The most common isolated GNB was E. coli (n=32, 22/5%), followed by K. pneumoniae (n=29, 20%) and Pseudomonas spp. (n=17, 12%) (Table 2). A total of 142 organisms were isolated from blood (63%), wounds (13.7%), ascites (8.7%), cerebrospinal fluid (6%), central venous catheter tip (5%), dialysis fluid (1%), pleural fluid (0.7%), and the other sterile cultures (1.4%). Fourteen strains were separated from peritoneal fluid in which E. coli with a number of nine strains (64%) was regarded as the most common.
 |
Table 2 Frequency of occurrence of GNB isolated from blood, wounds, and sterile body fluid cultures |
Among all the gram-negative organisms, 100 isolates met the criteria of nosocomial infection. All of the S. marcescens, A. baumannii, Enterobacter spp., and P. aeruginosa isolates met the criteria of HAI.

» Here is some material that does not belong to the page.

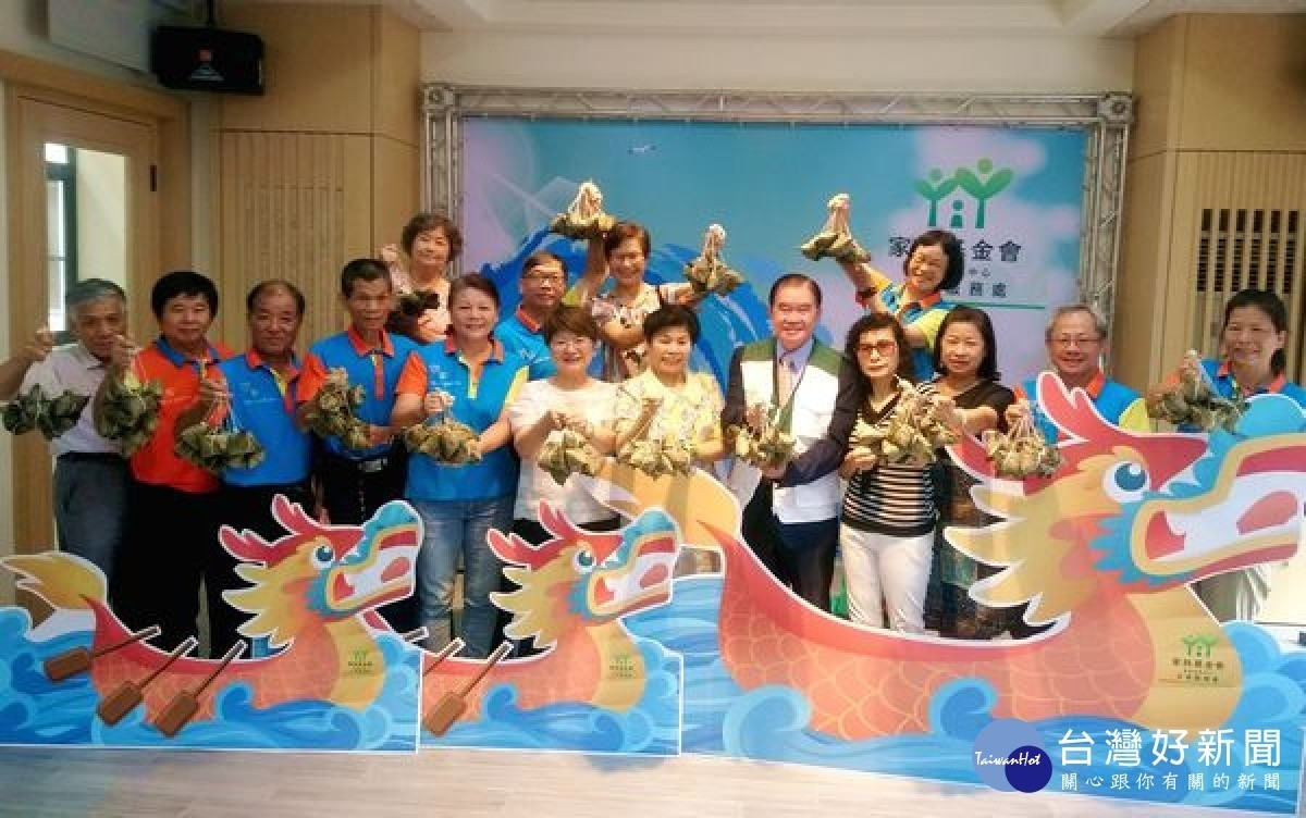 育達慈善會、育達獅子會與家扶董事蕭文龍在端節前夕,為雲林家扶帶來陸上龍舟及應節粽子與芒果,還贊助14萬元於扶幼工作,陪伴家扶親子歡慶佳節。

Forty-one strains were from ICUs, most of which were S. marcescens (N=13, 22%), K. pneumoniae (N=12, 21.3%), E. coli (N=9, 15.2%), and A. baumannii (N=8, 13.5%). While the most prevalent isolates in the surgical unit were E. coli (N=11, 57.9%). HAI was reported in all the patients with positive culture of central venous catheter tip, 79 patients (99%) with catheters, and 43 patients (98%) who had used a ventilator. Interestingly, 99% of children who met the criteria of HAI had a history of previous hospitalization.
Antibiotic resistance
Antibiotic resistance frequencies of evaluated GNB were depicted in Table 3. High frequency of antibiotic resistance to cefotaxime (81%) and trimethoprim-sulfamethoxazole (75%) was seen in E. coli strains, whereas the most sensitive antibiotics were amikacin (84%) and gentamycin (81%). K. pneumoniae strains were highly resistant to cefotaxime (96.5%) and cefepime (86%) and sensitive to imipenem (65%), amikacin (64%), and gentamycin (57%). Likewise, in Klebsiella oxytoca, high resistance to the same antibiotics (75%) was seen. High sensitivity to gentamycin and trimethoprim-sulfamethoxazole was reported (75%) and all of them were sensitive to imipenem. Besides, the low sensitivity of A. baumannii to common antibiotics and high resistance of Enterobacter spp. to cefotaxime (100%) was reported (Table 3).
 |
Table 3 In vitro antimicrobial resistance of evaluated gram-negative bacteria |
Genotyping
The genotyping of A. baumannii causing HAI showed the presence of one clone in which two clusters with high similarity (95%) were present (Figure 1A). Among ten A. baumannii strains, five strains had 100% similarity and it might be due to the development of one strain in the Children’s Medical Center. The genotyping of E. coli and K. pneumoniae (Figure 1B and C) demonstrated the presence of one and two clones, respectively with ≥80% genetic affinity. However, the trend varied completely in P. aeruginosa strains and Enterobacter spp. (Figure 1D and E). Among 15 isolates of P. aeruginosa, just two isolates had 100% genetic similarity and four strains showed ≥80% similarity.
 |
Figure 1 Genotyping of isolated Acinetobacter baumannii (A), Klebsiella pneumoniae (B), Escherichia coli (C), Pseudomonas aeruginosa (D), and Enterobacter spp. (E) Strains that met hospital-acquired infection criteria. |
Discussion
We assessed the antimicrobial resistance of GNB recovered from blood, wounds, and sterile fluids from patients who were referred to the Children’s Medical Center and the genotyping of the isolated strains from the children who had HAI.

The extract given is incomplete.